Exercise description
Copy the listing below exactly. Pictures stay out of it.

Information shown
--- START ---
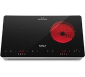 Источник питания: 220-240 В, ~50/60Гц; Максимальная потребляемая мощность при работе обеих конфорок: 3000 Вт; Температурных режимов – 10; Регулировка по времени: от 1 до 99 мин; Рабочая поверхность: стеклокерамика; Применяемая посуда: предназначенная для индукционных плит; размеры без упаковки 555x320x65 мм; Вес (кг): 4,5
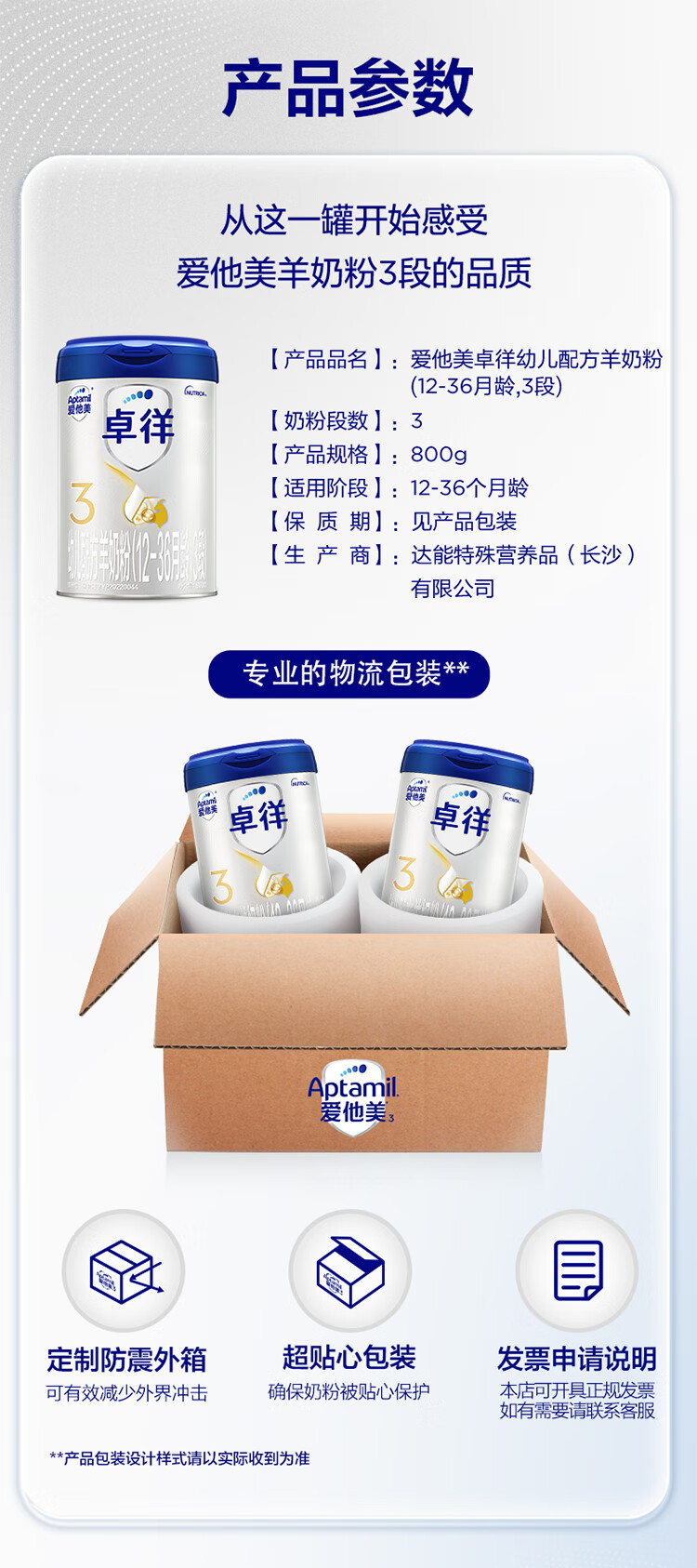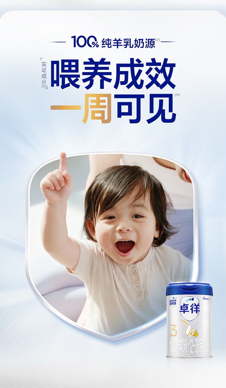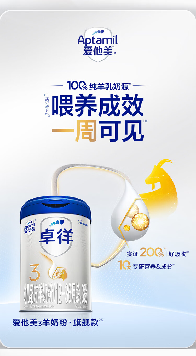 爱他美(Aptamil)卓徉幼儿配方羊奶粉3段(12-36月龄)800g自护吸收双突破
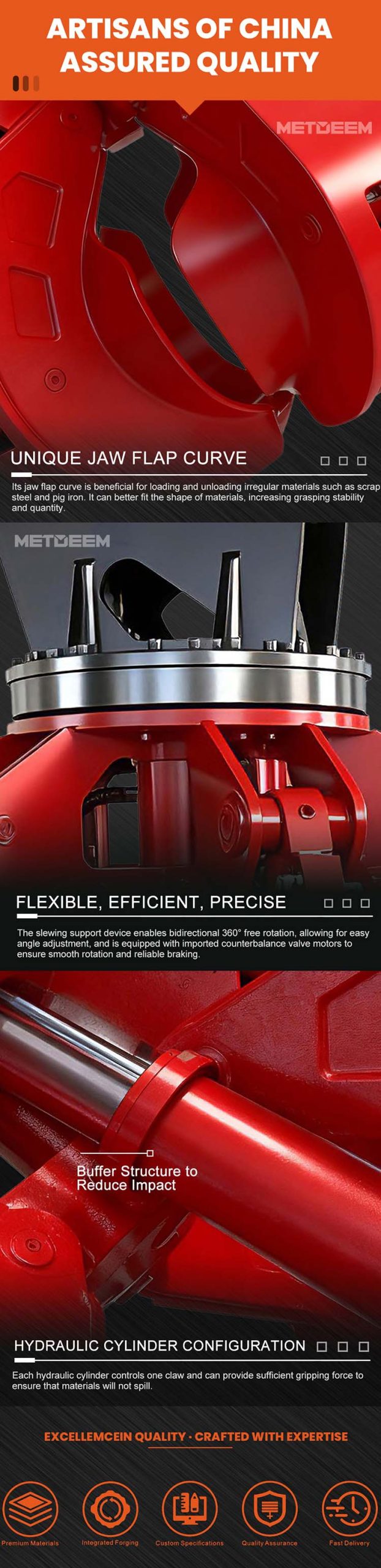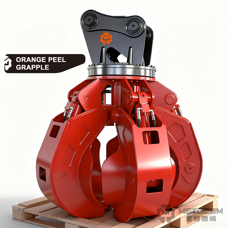METDEEM Orange Peel/Lotus Grabber is an “intelligent and flexible hand” for handling loose and fragmented materials. Its multi-petal design is like a blooming lotus. When it closes lightly, it can grasp a large amount of stone materials, wood chips, thin steel, etc., and the closure is tight without any spillage.
--- END ---
Answer below
 Источник питания: 220-240 В, ~50/60Гц; Максимальная потребляемая мощность при работе обеих конфорок: 3000 Вт; Температурных режимов – 10; Регулировка по времени: от 1 до 99 мин; Рабочая поверхность: стеклокерамика; Применяемая посуда: предназначенная для индукционных плит; размеры без упаковки 555x320x65 мм; Вес (кг): 4,5
 爱他美(Aptamil)卓徉幼儿配方羊奶粉3段(12-36月龄)800g自护吸收双突破
METDEEM Orange Peel/Lotus Grabber is an “intelligent and flexible hand” for handling loose and fragmented materials. Its multi-petal design is like a blooming lotus. When it closes lightly, it can grasp a large amount of stone materials, wood chips, thin steel, etc., and the closure is tight without any spillage.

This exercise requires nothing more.